The following is an example of two shortlists, one for proprietary models and one for open-source models. You might compile similar tables based on your specific needs to get a quick overview of the available options. Note that the performance and parameters of those models change rapidly and might be outdated by the time of reading, while other capabilities might be important for specific customers, such as the supported language.

The following is an example of notable proprietary FMs available in AWS (July 2023).

The following is an example of notable open-source FM available in AWS (July 2023).

After you have compiled an overview of 10–20 potential candidate models, it becomes necessary to further refine this shortlist.

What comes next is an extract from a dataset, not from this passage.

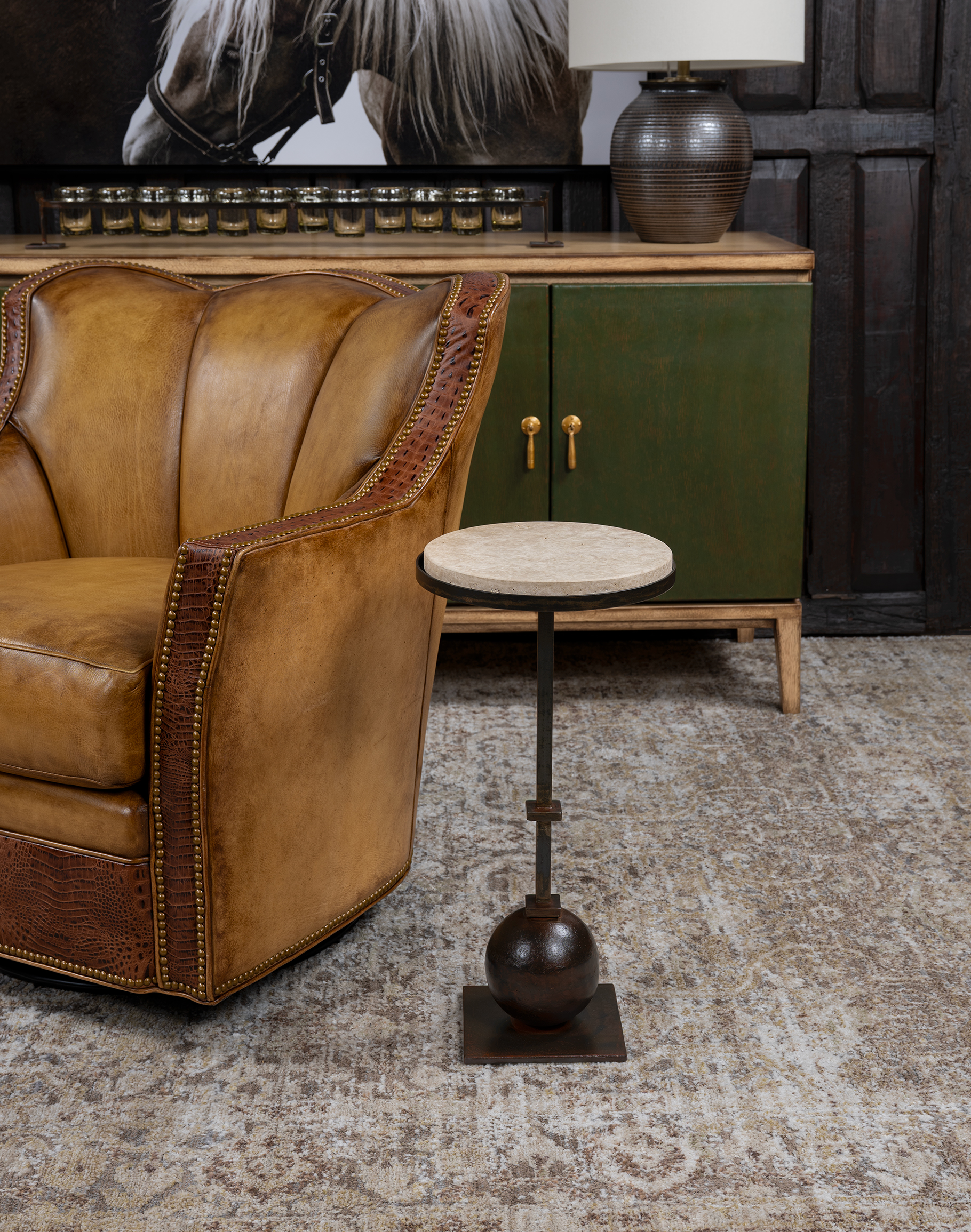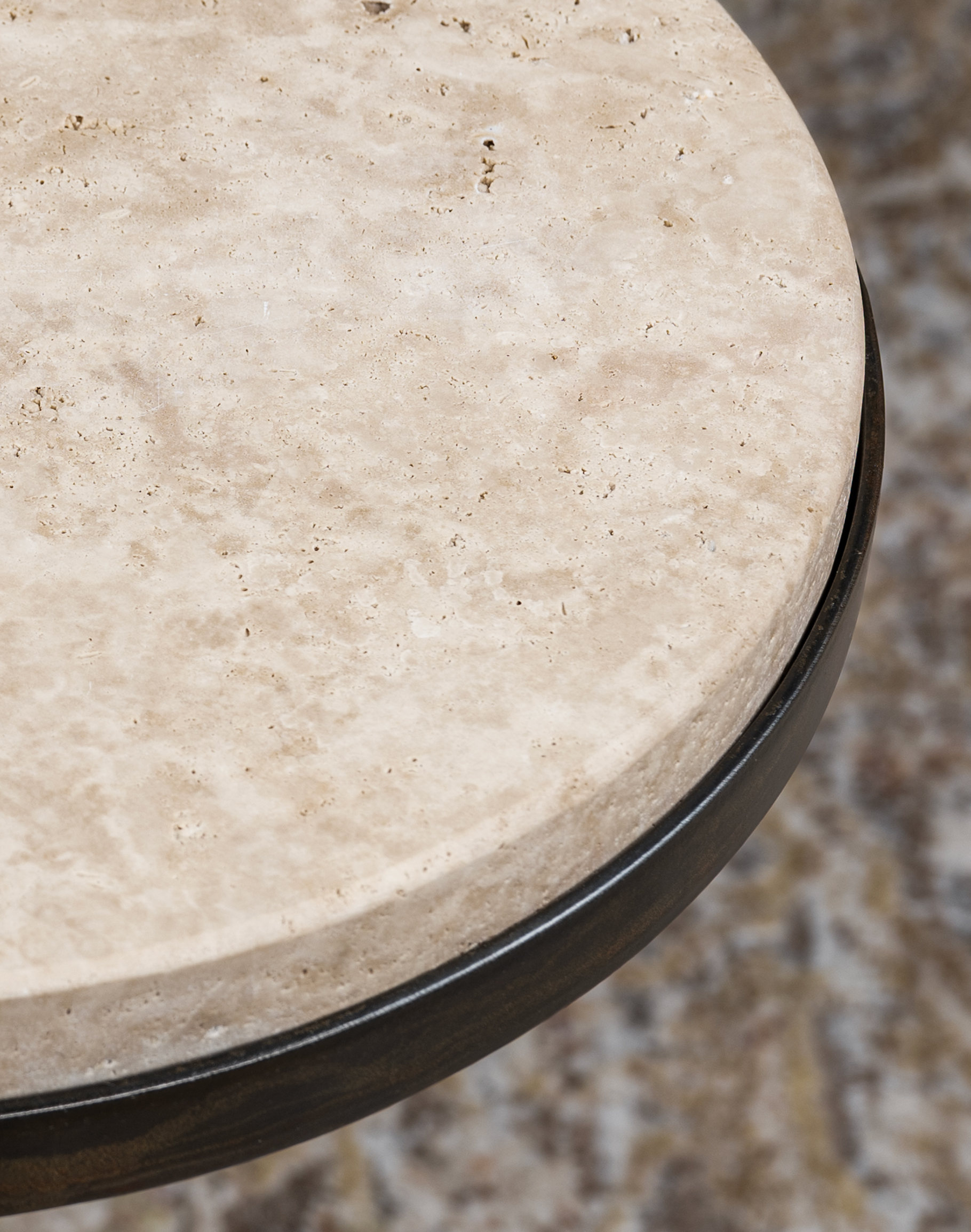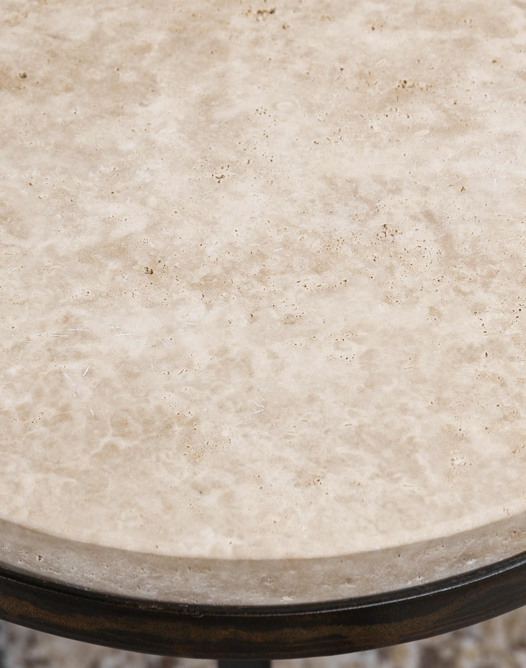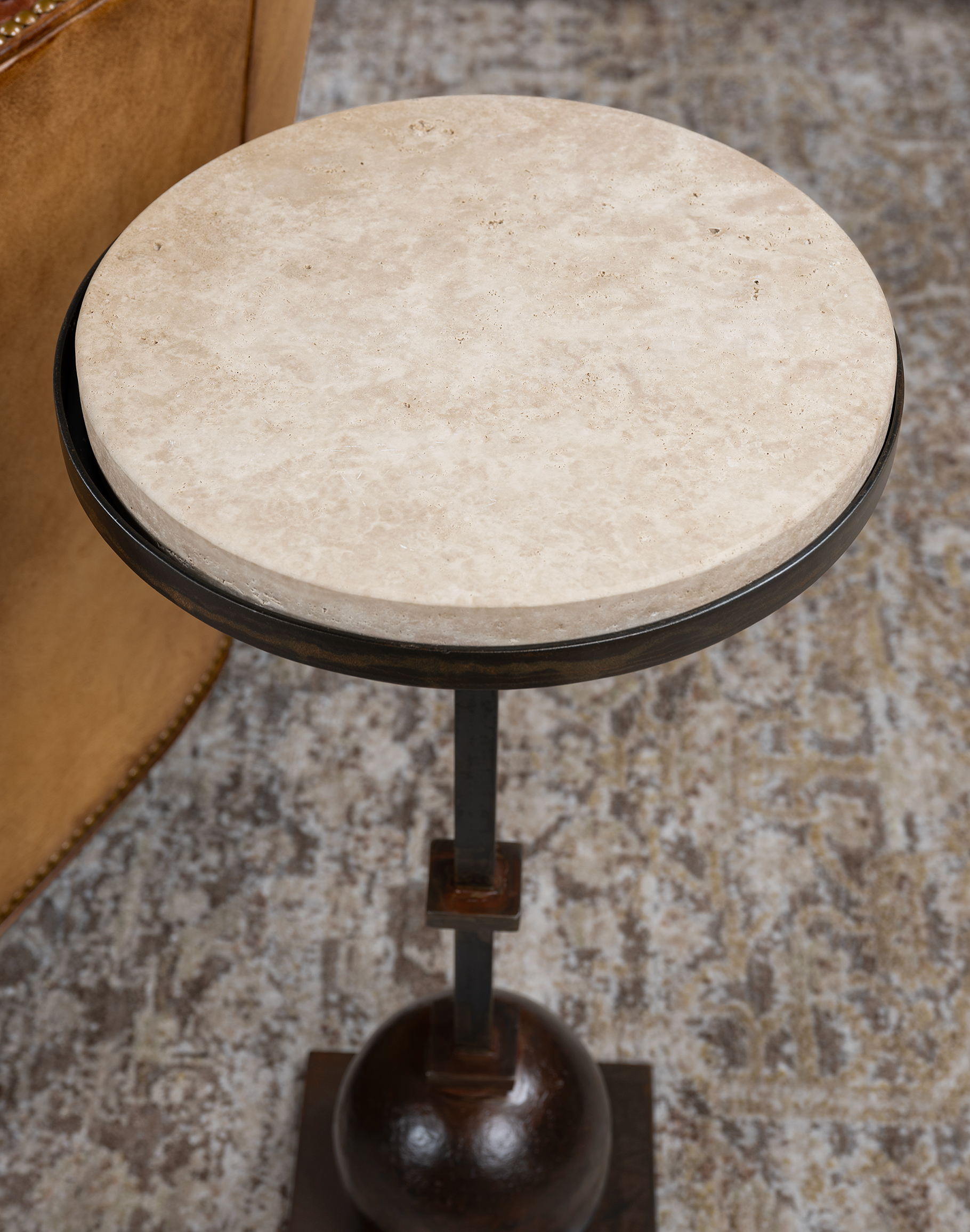 The Torreon Stone Circle Accent Table is a sculptural accent piece that delivers timeless elegance through natural materials and hand-forged craftsmanship—perfectly scaled for placement beside a sofa or lounge chair. At the surface, a substantial round Torreon stone top showcases a soft, organic palette of warm ivory, sand, and light beige tones, reminiscent of natural travertine. The honed finish reveals subtle pitting and mineral movement, giving the stone a rich, authentic character while maintaining a smooth, refined touch. Its thick profile adds visual weight and presence, creating a grounded, sophisticated silhouette.

In this section, we propose a swift mechanism that will yield two or three viable final models as candidates for the next round.

The following diagram illustrates the initial shortlisting process.

Typically, prompt engineers, who are experts in creating high-quality prompts that allow AI models to understand and process user inputs, experiment with various methods to perform the same task (such as summarization) on a model. We suggest that these prompts are not created on the fly, but are systematically extracted from a prompt catalog. This prompt catalog is a central location for storing prompts to avoid replications, enable version control, and share prompts within the team to ensure consistency between different prompt testers in the different development stages, which we introduce in the next section. This prompt catalog is analogous to a Git repository of a feature store. The generative AI developer, who could potentially be the same person as the prompt engineer, then needs to evaluate the output to determine if it would be suitable for the generative AI application they are seeking to develop.

Step 2. Test and evaluate the top FM

After the shortlist is reduced to approximately three FMs, we recommend an evaluation step to further test the FMs’ capabilities and suitability for the use case. Depending on the availability and nature of evaluation data, we suggest different methods, as illustrated in the following figure.

The method to use first depends on whether you have labeled test data or not.

If you have labeled data, you can use it to conduct a model evaluation, as we do with the traditional ML models (input some samples and compare the output with the labels). Depending on whether the test data has discrete labels (such as positive, negative, or neutral sentiment analysis) or is unstructured text (such as summarization), we propose different methods for evaluation:

  • Accuracy metrics – In case of discrete outputs (such as sentiment analysis), we can use standard accuracy metrics such as precision, recall, and F1 score
  • Similarity metrics – If the output is unstructured (such as a summary), we suggest similarity metrics like ROUGE and cosine similarity

Some use cases don’t lend themselves to having one true answer (for example, “Create a short children’s story for my 5-year-old daughter”). In such cases, it becomes more challenging to evaluate the models because you don’t have labeled test data. We propose two approaches, depending on the importance of human review of the model versus automated evaluation:

  • Human-in-the-Loop (HIL) – In this case, a team of prompt testers will review the responses from a model. Depending on how critical the application is, the prompt testers might review 100% of the model outputs or just a sample.
  • LLM-powered evaluation – In this scenario, the prompt testers are replaced by an LLM, ideally one that is more powerful (although perhaps slower and most costly) than the ones being tested. The LLM will review all model-generated responses and score them. This method may result in lower quality, but it’s a cheaper and faster evaluation option that might provide a good initial gauge on the models’ performance.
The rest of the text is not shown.